* _Source data_:
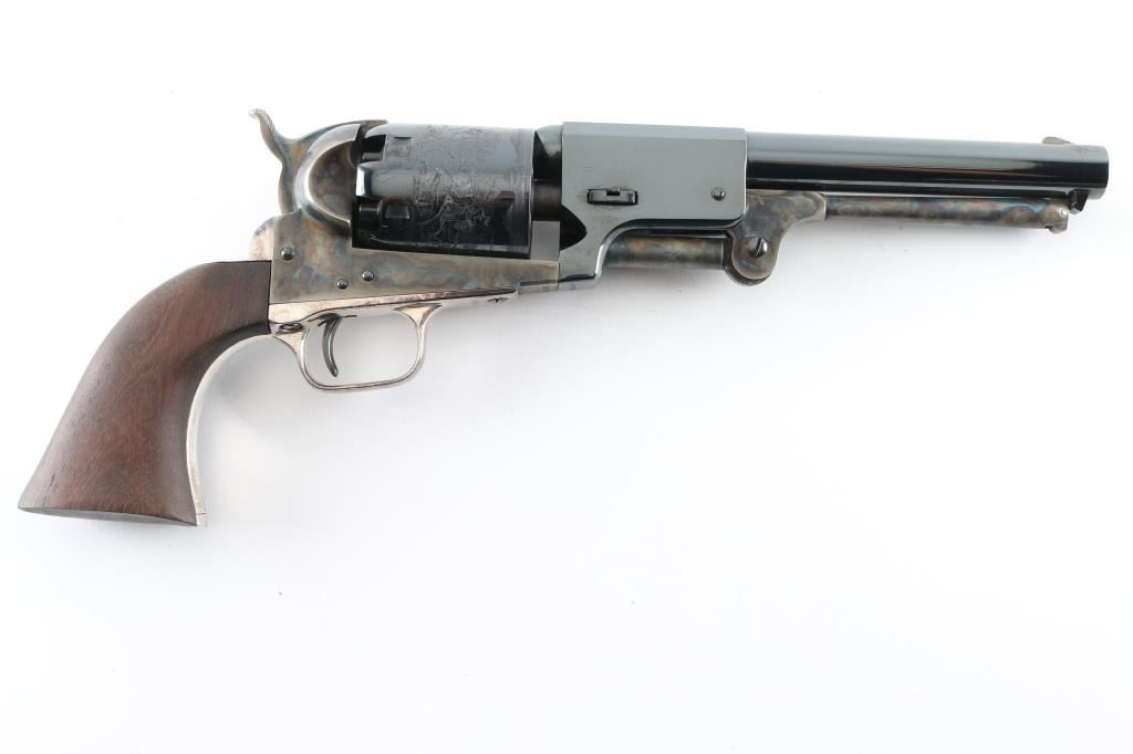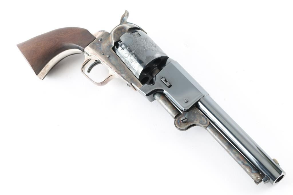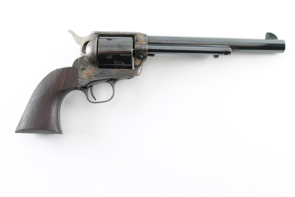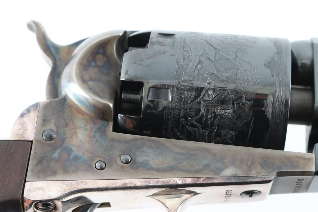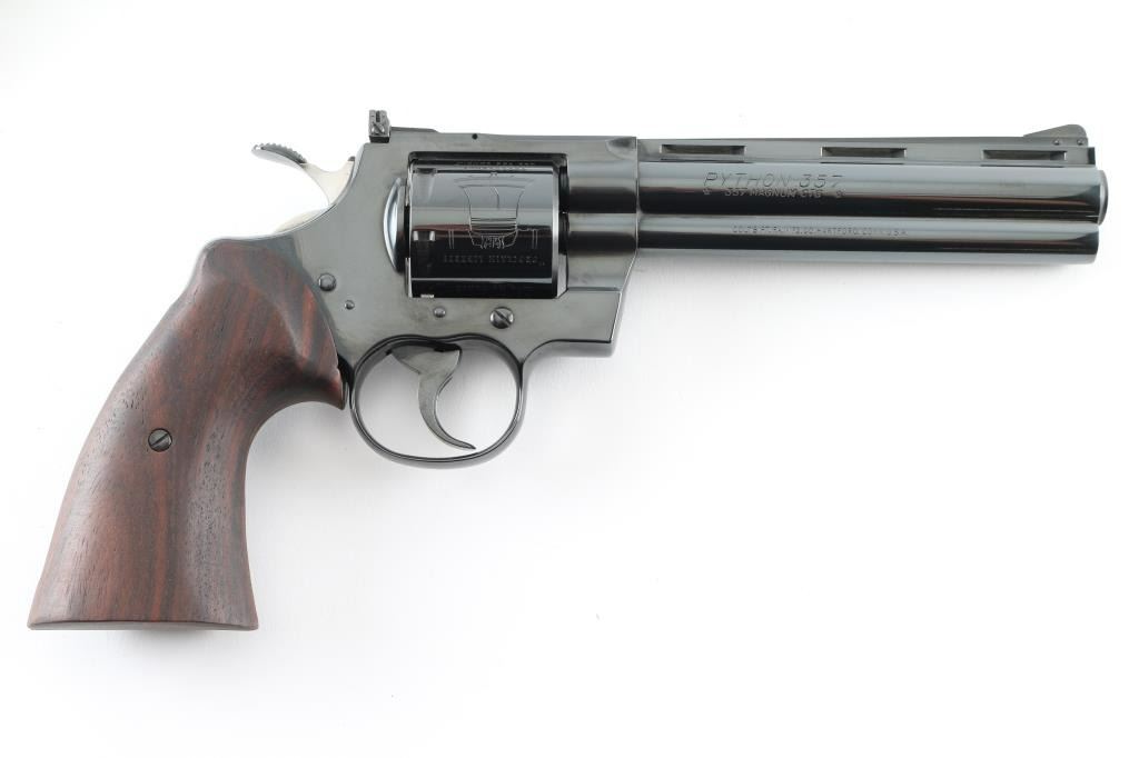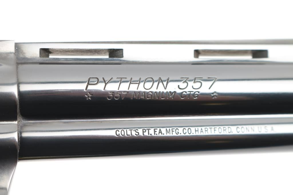 1) Colt Python .357 Mag SN: 0270PY 2) Colt Single Action Army .45 LC SN: 0270PM 3) Colt 3rd Model Dragoon .44 Cal SN: 0270DG This three gun set comes in a large wooden three drawer locking presentation case, each gun in a fitted red velvet drawer with its own key, and a copy of the book "Armsmear: The Home, The Arm, And The Armory of Samuel Colt. A Memorial" (by Henry Barnard) in a side compartment. The Python is royal blue, 6" barrel with full underlug & adjustable sights, smooth walnut grips with a single "Great Seal of the United States" medallion in the left panel, "1776 - USA BICENTENNIAL - 1976" engraved on left side of the barrel, and cylinder scenes of Statue of Liberty, Liberty Bell, and US Capitol. SAA is blued/case colored, with same type grip and barrel marking as the Python, 7.5" barrel, cylinder scene is two American flags and a list of the original 13 colonies. Dragoon is blued & case colored, nickel grip straps, same type grips and barrel marking, battle scene on cylinder, and includes powder flask, bullet mold, cap tin, nipple wrench in the drawer alongside the revolver. The set also includes the original matching Colt styrofoam and wood grained cardboard sleeve boxes. All revolvers are in excellent condition with hardly any sign of handling. Condition is NRA Excellent - like new *** Modern Firearm *** (Dragoon is "Antique")
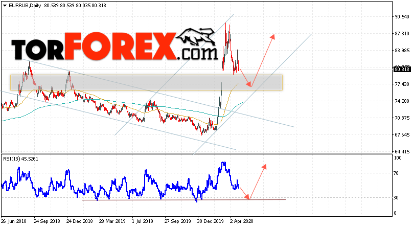 Дополнительным сигналом в пользу роста валютной пары EUR/RUB на текущей торговой неделе выступит тест нижней границы восходящего канала. Вторым сигналом станет отскок от линии поддержки на индикаторе относительной силы. Отменой варианта роста пары EUR/RUB на текущей торговой неделе 27 апреля — 1 мая 2020 станет падение и пробой уровня 74.05 Евро за Рубль. Это укажет на пробой нижней границы канала и ускорение падения пары Евро Рубль в область ниже уровня 70.05. Подтверждением подъёма пары на текущей торговой неделе выступит пробой уровня сопротивления и закрытие выше уровня 82.65.
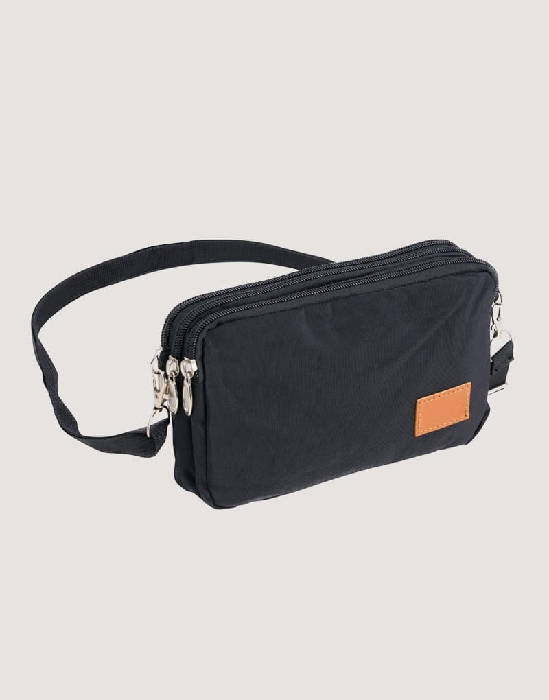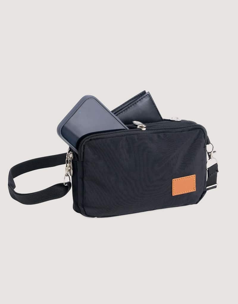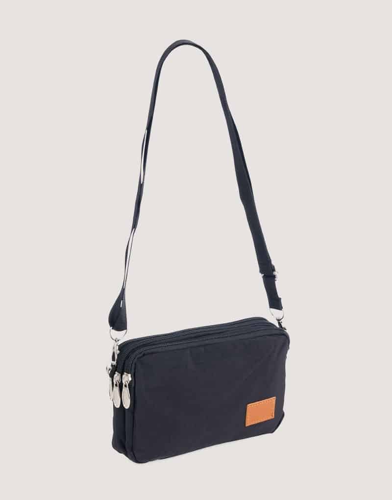 Bolsa de ombro em nylon resistente à água, com três compartimentos, alça regulável e etiqueta com espaço para personalização em couro sintético. Executando o papel de ser um bolso extra para guardar e encontrar rapidamente os acessórios do dia a dia.
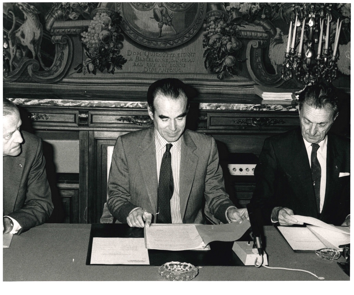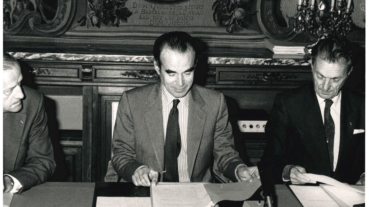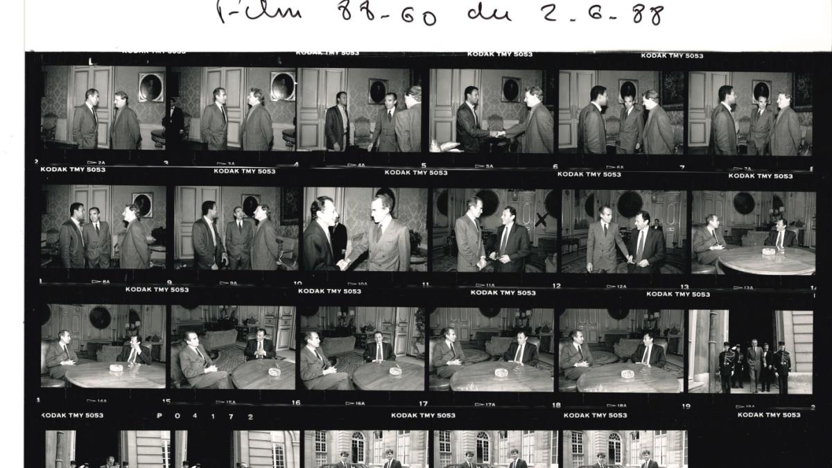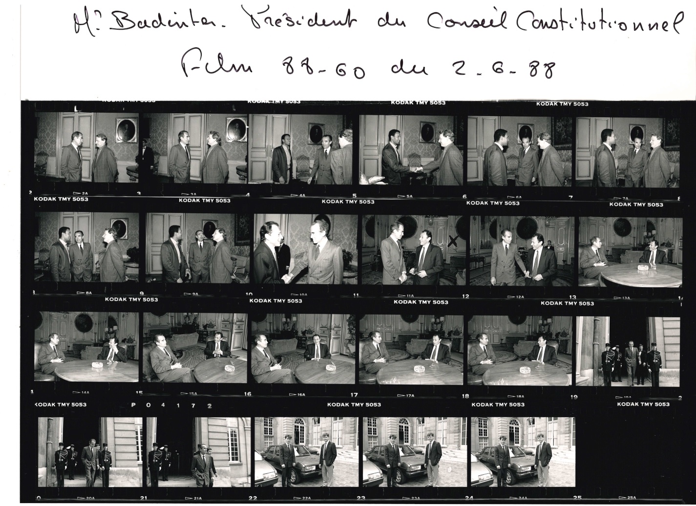 Le 19 février 1986, Robert Badinter quitte la Chancellerie pour la présidence du Conseil constitutionnel. Son discours de prise de fonction est conservé dans les fonds des Archives nationales. Une série de photos, prise par le service de communication du Premier ministre, le montre échangeant avec son Michel Rocard, alors premier ministre, en juin 1988. Il ne se désengage pas pour autant des combats qu’il a menés jusqu’à cette date, mais les porte désormais au plan international, et dans d’autres lieux que les prétoires. Européen convaincu, partisan de la paix, il préside ainsi la Commission d’arbitrage pour la paix en Yougoslavie, dite « Commission Badinter », créée en 1991, et dont on trouve trace dans les archives présidentielles. Il anime également durant plusieurs années avec Michelle Perrot [dont les archives ont été confiées aux Archives nationales], un séminaire à l’EHESS sur la prison, dans la lignée des travaux de Michel Foucault, et publie la Prison républicaine (1871-1914) en 1992.

* _Exercise prompt_: What is needed is the exact run of lines from the start of the data through the line with "Дополнительным сигналом в", both ends included, minus the pictures.

* _Exercise response_:
 1) Colt Python .357 Mag SN: 0270PY 2) Colt Single Action Army .45 LC SN: 0270PM 3) Colt 3rd Model Dragoon .44 Cal SN: 0270DG This three gun set comes in a large wooden three drawer locking presentation case, each gun in a fitted red velvet drawer with its own key, and a copy of the book "Armsmear: The Home, The Arm, And The Armory of Samuel Colt. A Memorial" (by Henry Barnard) in a side compartment. The Python is royal blue, 6" barrel with full underlug & adjustable sights, smooth walnut grips with a single "Great Seal of the United States" medallion in the left panel, "1776 - USA BICENTENNIAL - 1976" engraved on left side of the barrel, and cylinder scenes of Statue of Liberty, Liberty Bell, and US Capitol. SAA is blued/case colored, with same type grip and barrel marking as the Python, 7.5" barrel, cylinder scene is two American flags and a list of the original 13 colonies. Dragoon is blued & case colored, nickel grip straps, same type grips and barrel marking, battle scene on cylinder, and includes powder flask, bullet mold, cap tin, nipple wrench in the drawer alongside the revolver. The set also includes the original matching Colt styrofoam and wood grained cardboard sleeve boxes. All revolvers are in excellent condition with hardly any sign of handling. Condition is NRA Excellent - like new *** Modern Firearm *** (Dragoon is "Antique")
 Дополнительным сигналом в пользу роста валютной пары EUR/RUB на текущей торговой неделе выступит тест нижней границы восходящего канала. Вторым сигналом станет отскок от линии поддержки на индикаторе относительной силы. Отменой варианта роста пары EUR/RUB на текущей торговой неделе 27 апреля — 1 мая 2020 станет падение и пробой уровня 74.05 Евро за Рубль. Это укажет на пробой нижней границы канала и ускорение падения пары Евро Рубль в область ниже уровня 70.05. Подтверждением подъёма пары на текущей торговой неделе выступит пробой уровня сопротивления и закрытие выше уровня 82.65.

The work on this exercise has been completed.